Dans son ouvrage « On tue un enfant », il développe l‟idée selon laquelle le sujet ne peut exister qu‟en tuant répétitivement l‟enfant merveilleux, le représentant du premier narcissisme, qui lui pré-existe. Chacun doit non pas tuer son père ou « le » père, mais plutôt se séparer de cette image venue du désir de l‟Autre pour pouvoir entrer dans la chaîne qui l‟entoure et y être représenté.

« La pratique analytique se fonde d‟une mise en évidence du travail constant d‟une force de mort : celle qui consiste à tuer l‟enfant merveilleux (ou terrifiant) qui témoigne des rêves et des désirs des parents. Il n‟est de vie qu‟au prix du meurtre de l‟image première, étrange, dans laquelle s‟inscrit la naissance de chacun. C‟est un meurtre irréalisable mais nécessaire car il n‟est de vie possible, vie de désir et de création si l‟on cesse de tuer l‟enfant merveilleux. »1

Leclaire insiste sur une fonction de la mort qui est celle du meurtre et de la mise à mort de la première image de soi, de l‟attaque indéfinie portée aux formes des désirs qui président et entourent la naissance de chaque sujet.
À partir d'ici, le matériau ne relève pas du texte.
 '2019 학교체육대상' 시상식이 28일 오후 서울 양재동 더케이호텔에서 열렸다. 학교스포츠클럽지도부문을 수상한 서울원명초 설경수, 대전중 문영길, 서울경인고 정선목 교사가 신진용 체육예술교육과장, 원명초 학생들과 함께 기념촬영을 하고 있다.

Cette naissance le situe comme un pôle d‟attributs et une incarnation des attentes insues de parents, comme le support « innocent » des désirs de l‟Autre. Cette naissance croise la figure plurivoque de l‟enfant imaginaire par rapport auquel le sujet va se structurer et contre laquelle il se débat pour ouvrir un espace, une médiation, une pensée, un désir.

Cette image donne son représentant au moi primaire et au narcissisme constitutif du sujet qui va se repérer et se placer par rapport à elle. Il s‟agit pour lui de ne pas se confondre et se fondre en elle pour éviter le piège de l‟identification à l‟enfant merveilleux qui comblerait le désir de l‟Autre. Bien plus, il doit s‟en écarter et tenter de la supprimer pour faire vivre autre chose et exister comme sujet singulier ayant traversé ce premier leurre. Cette image entoure et nimbe l‟arrivée au monde du corps de l‟enfant et les premiers échanges médiés par la parole et l‟attention portée à ses mouvements.
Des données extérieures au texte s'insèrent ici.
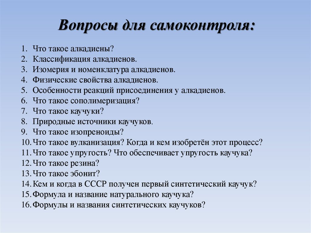 Вопросы для самоконтроля:1. Что такое алкадиены?

Cette image de l‟enfant merveilleux est investie d‟une valeur phallique dont l‟enfant doit se séparer et se débarrasser.

L‟accent est mis sur la nécessité de la mort qui institue et situe la vie du désir comme une vie entre deux morts. La vie du sujet est à la fois initiée par le meurtre d‟une figure imaginée et tournée en direction de la mort.

Pour qu‟un espace psychique soit possible et qu‟un sujet puisse vivre, il est nécessaire de s‟attaquer aux premiers mirages et aux premiers investissements croisés entre le sujet et l‟Autre. Créer, vivre ou revenir de ses épreuves, mettent à l‟œuvre l‟impossibilité comme la condition initiale de toute advenue et parole singulière du sujet.

Le symbole, dans un processus d‟Aufhebung, humanise l‟homme en créant le double écart quant au donné et à soi-même. Le symbolique en distinguant la vie de la mort, le présent de l‟absent, fait entrer la mort dans le monde.

Dans son effort pour contrer la mort et y répondre, la culture humaine montre aussi que c‟est contre lui-même que le symbolique se retourne. Le symbole instaure une permanence qui ne s‟étaye sur aucune réalité factuelle et se détache, véritablement balaie le donné en mouvement. Cette annulation présidant à l‟instauration d‟une permanence « autonome », peut être qualifiée d‟écart, de distance avec le monde. C‟est un écart créateur mais pour un monde négatif.